TASK DIRECTIONS: Would you restate the full listing word for word and omit its pictures?

DATA EXTRACT:
****************

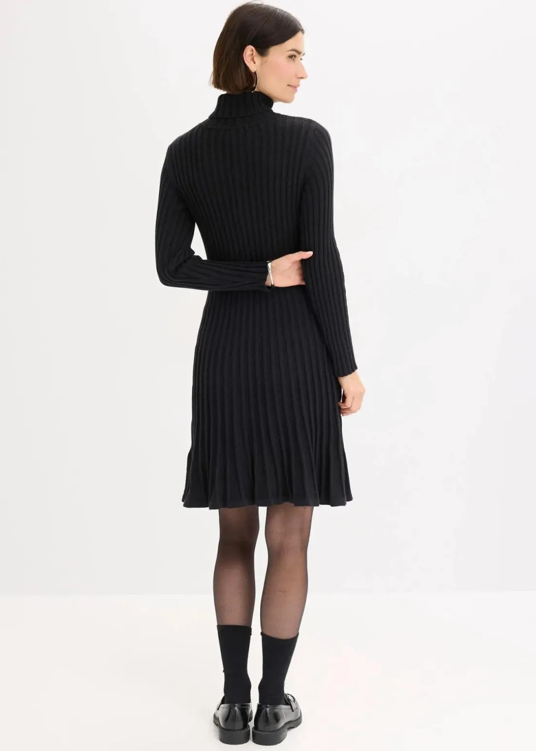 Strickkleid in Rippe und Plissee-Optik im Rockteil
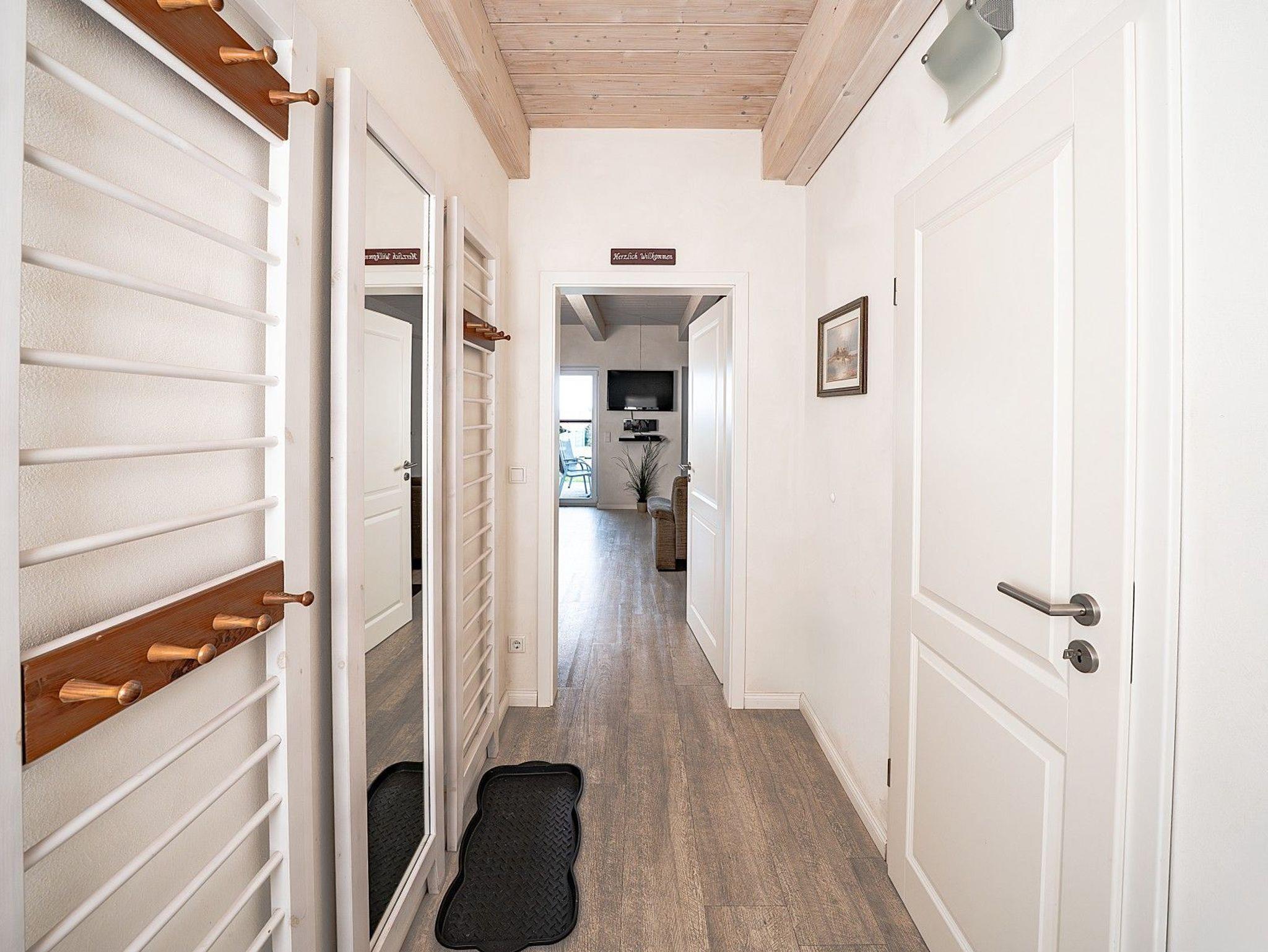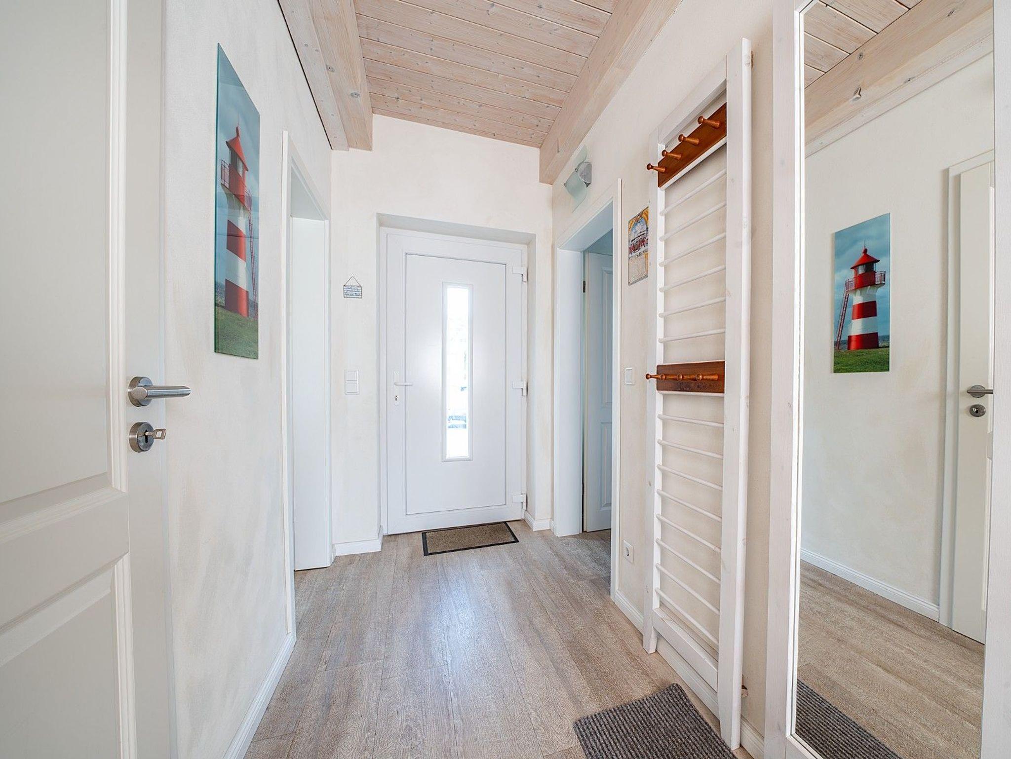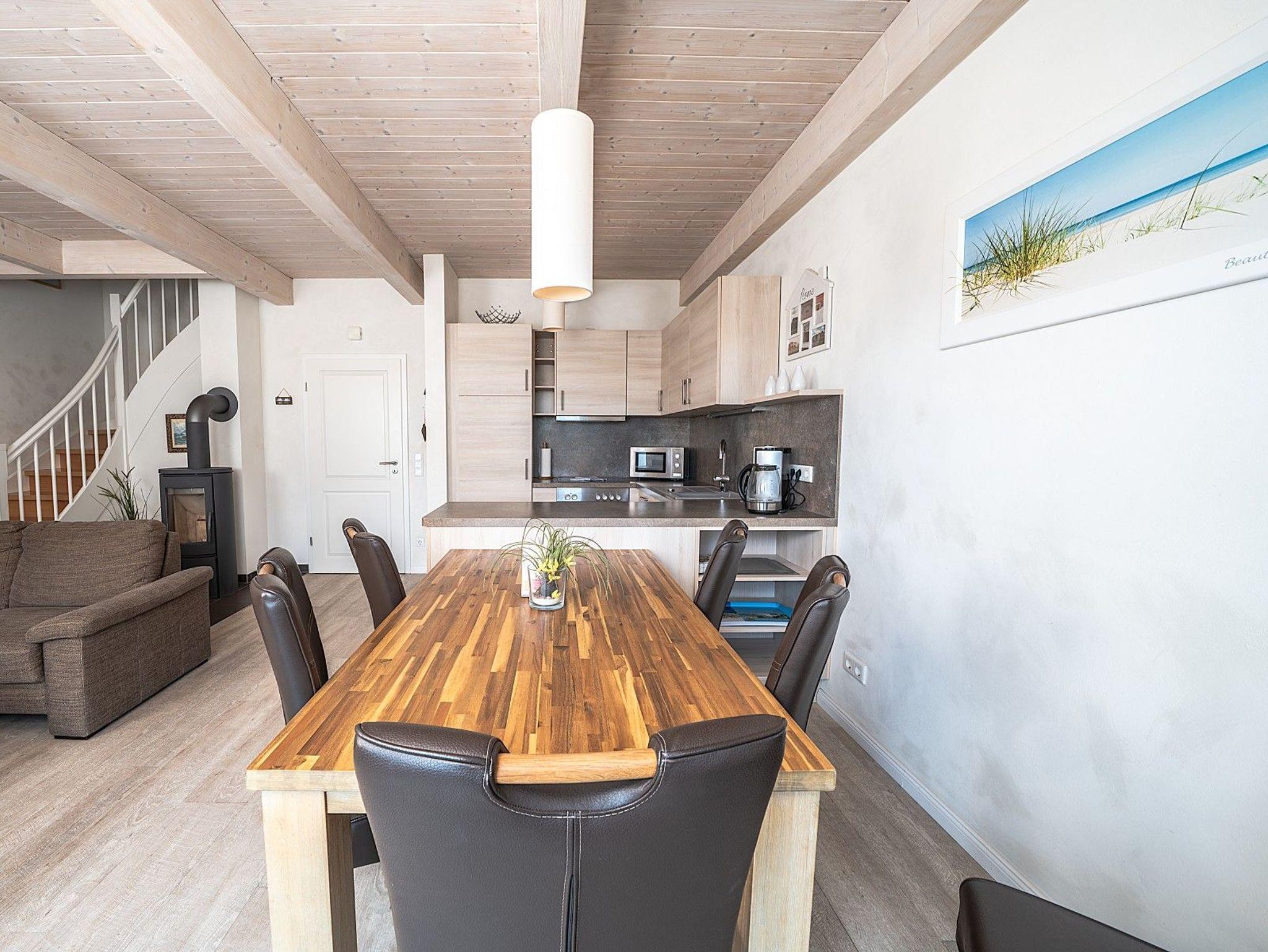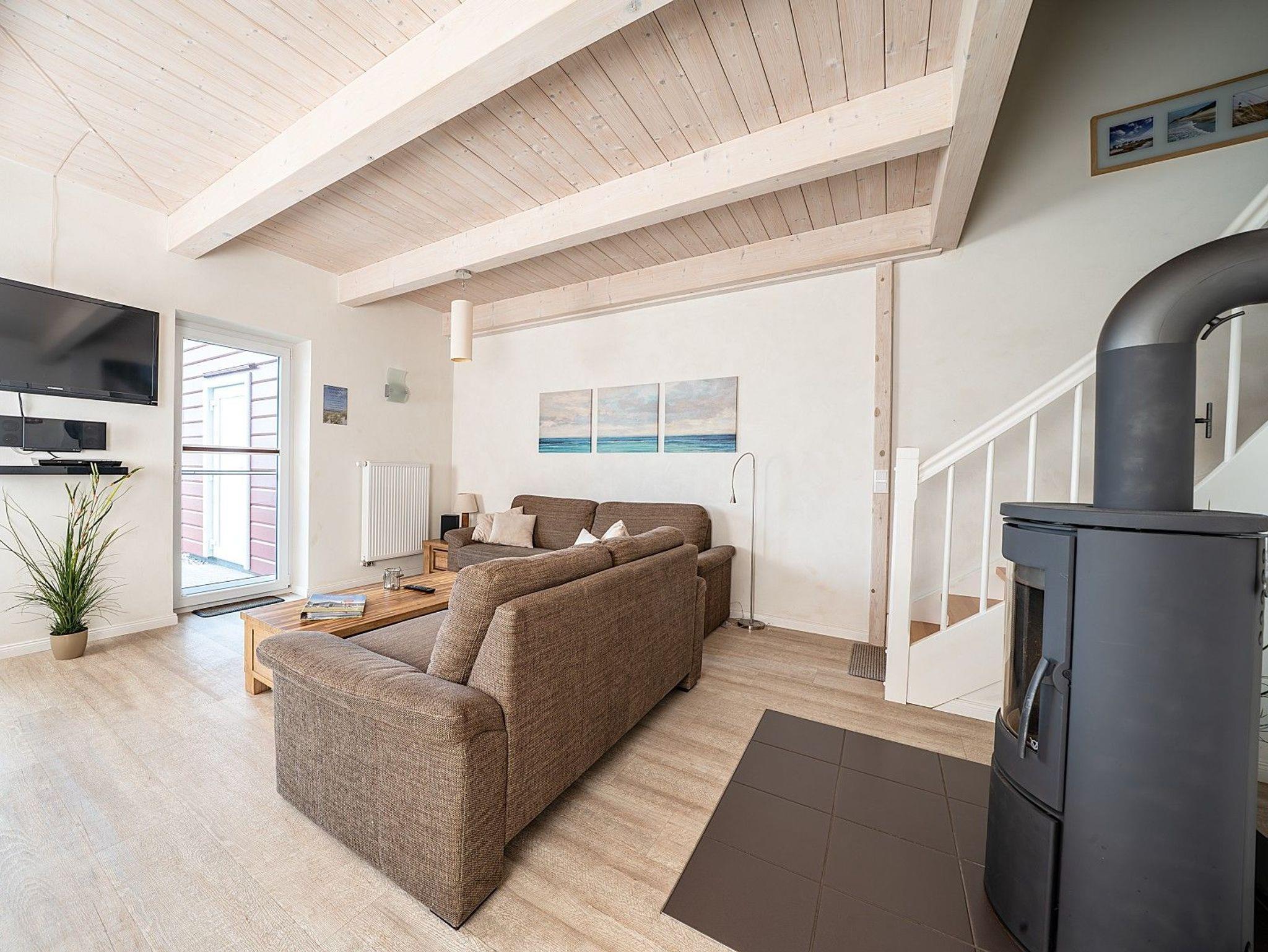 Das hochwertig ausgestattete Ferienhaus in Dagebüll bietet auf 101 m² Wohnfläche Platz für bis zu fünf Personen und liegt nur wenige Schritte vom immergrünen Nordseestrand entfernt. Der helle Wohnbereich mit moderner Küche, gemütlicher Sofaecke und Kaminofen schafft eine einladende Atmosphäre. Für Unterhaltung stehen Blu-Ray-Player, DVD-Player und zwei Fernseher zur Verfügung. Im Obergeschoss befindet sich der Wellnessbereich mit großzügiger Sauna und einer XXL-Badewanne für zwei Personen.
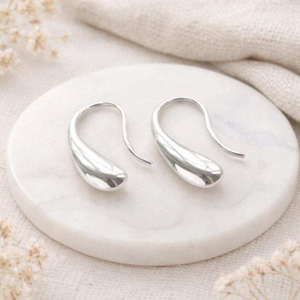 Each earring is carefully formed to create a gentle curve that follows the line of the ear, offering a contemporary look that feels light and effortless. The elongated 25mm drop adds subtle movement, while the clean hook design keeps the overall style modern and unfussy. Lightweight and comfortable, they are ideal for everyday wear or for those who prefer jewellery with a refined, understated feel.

****************

ANSWER SECTION:
 Strickkleid in Rippe und Plissee-Optik im Rockteil
 Das hochwertig ausgestattete Ferienhaus in Dagebüll bietet auf 101 m² Wohnfläche Platz für bis zu fünf Personen und liegt nur wenige Schritte vom immergrünen Nordseestrand entfernt. Der helle Wohnbereich mit moderner Küche, gemütlicher Sofaecke und Kaminofen schafft eine einladende Atmosphäre. Für Unterhaltung stehen Blu-Ray-Player, DVD-Player und zwei Fernseher zur Verfügung. Im Obergeschoss befindet sich der Wellnessbereich mit großzügiger Sauna und einer XXL-Badewanne für zwei Personen.
 Each earring is carefully formed to create a gentle curve that follows the line of the ear, offering a contemporary look that feels light and effortless. The elongated 25mm drop adds subtle movement, while the clean hook design keeps the overall style modern and unfussy. Lightweight and comfortable, they are ideal for everyday wear or for those who prefer jewellery with a refined, understated feel.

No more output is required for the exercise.